WHAT NEEDS TO BE DONE
Retype the lines below exactly, from the one that contains "- Комплектация: смеситель,излив, душевой" through the last, and leave every picture out.

== STORED DATA

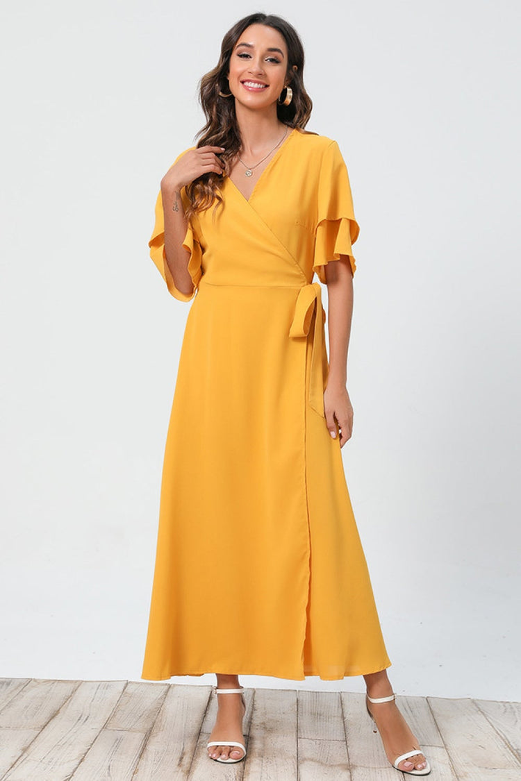 Plus Size Plaid V-Neck Long Sleeve Wrap Dress
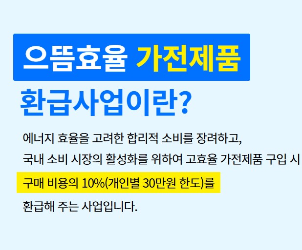 에너지 절약과 가계 부담 경감을 동시에 잡을 수 있는 으뜸효율 가전제품 환급사업은 고효율 가전을 구매한 소비자에게 일정 금액을 환급해 주는 제도입니다. 정부가 추진하는 대표적인 친환경 정책으로, 참여자들은 전기요금 절약뿐만 아니라 구매 비용의 일부를 되돌려 받을 수 있는 혜택을 누릴 수 있습니다. 특히 냉장고, 세탁기, 에어컨 등 주요 가전에 적용되어 생활 전반에서 절감 효과를 체감할 수 있습니다.
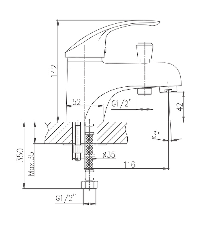 - Комплектация: смеситель,излив, душевой гарнитур, гибкая подводка
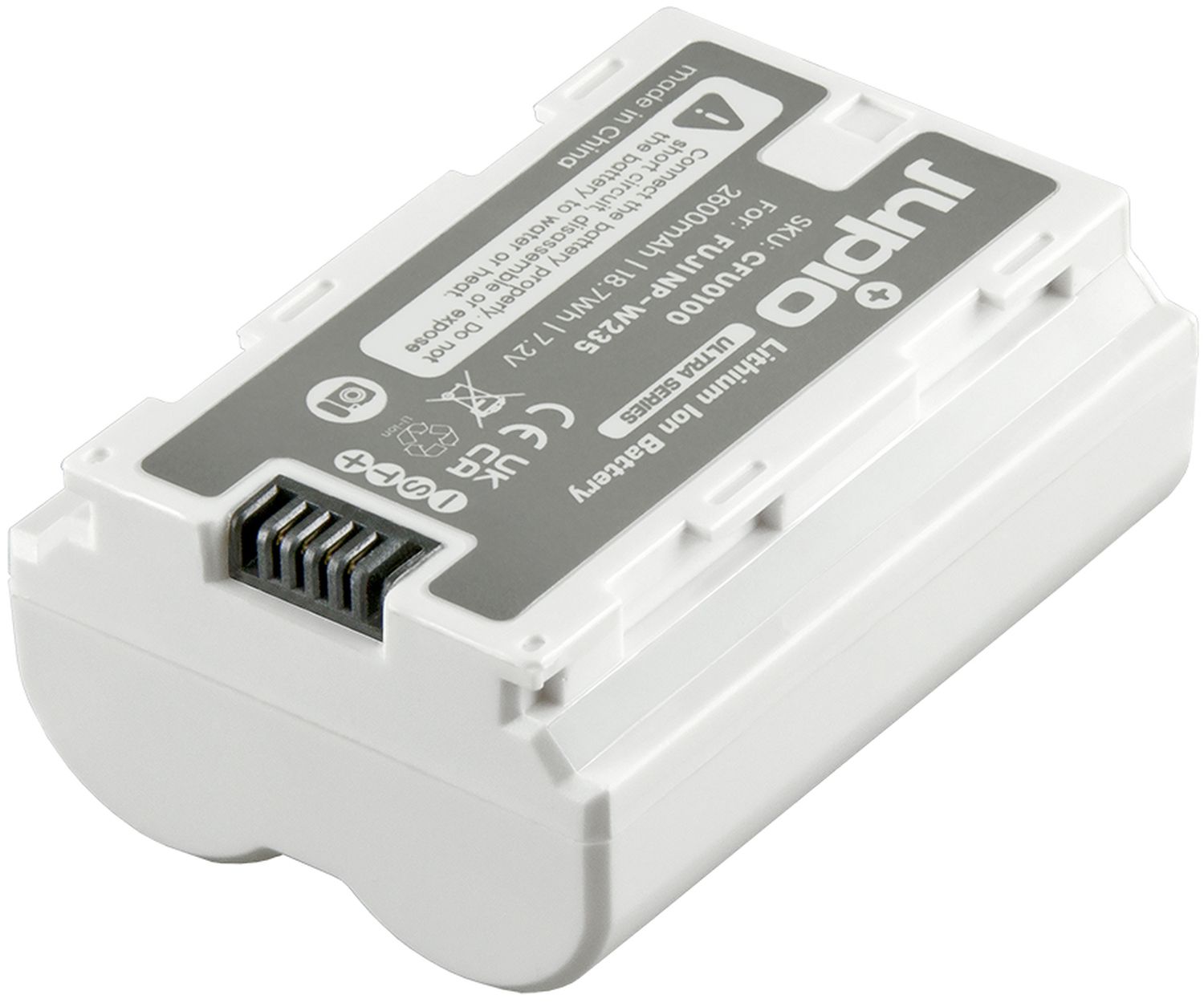 Die Jupio NP-W235 für Fujifilm (CFU0100) bietet dank der besten auf dem Markt erhältlichen A-Klasse-Akkuzellen eine erhöhte Kapazität von 2600 mAh / 18,7 Wh. Im Vergleich zur ursprünglichen Fujifilm NP-W235 bietet die Jupio NP-W235 Ultra 18 % mehr Laufzeit!

====

ANSWER TO THE EXERCISE
 - Комплектация: смеситель,излив, душевой гарнитур, гибкая подводка
 Die Jupio NP-W235 für Fujifilm (CFU0100) bietet dank der besten auf dem Markt erhältlichen A-Klasse-Akkuzellen eine erhöhte Kapazität von 2600 mAh / 18,7 Wh. Im Vergleich zur ursprünglichen Fujifilm NP-W235 bietet die Jupio NP-W235 Ultra 18 % mehr Laufzeit!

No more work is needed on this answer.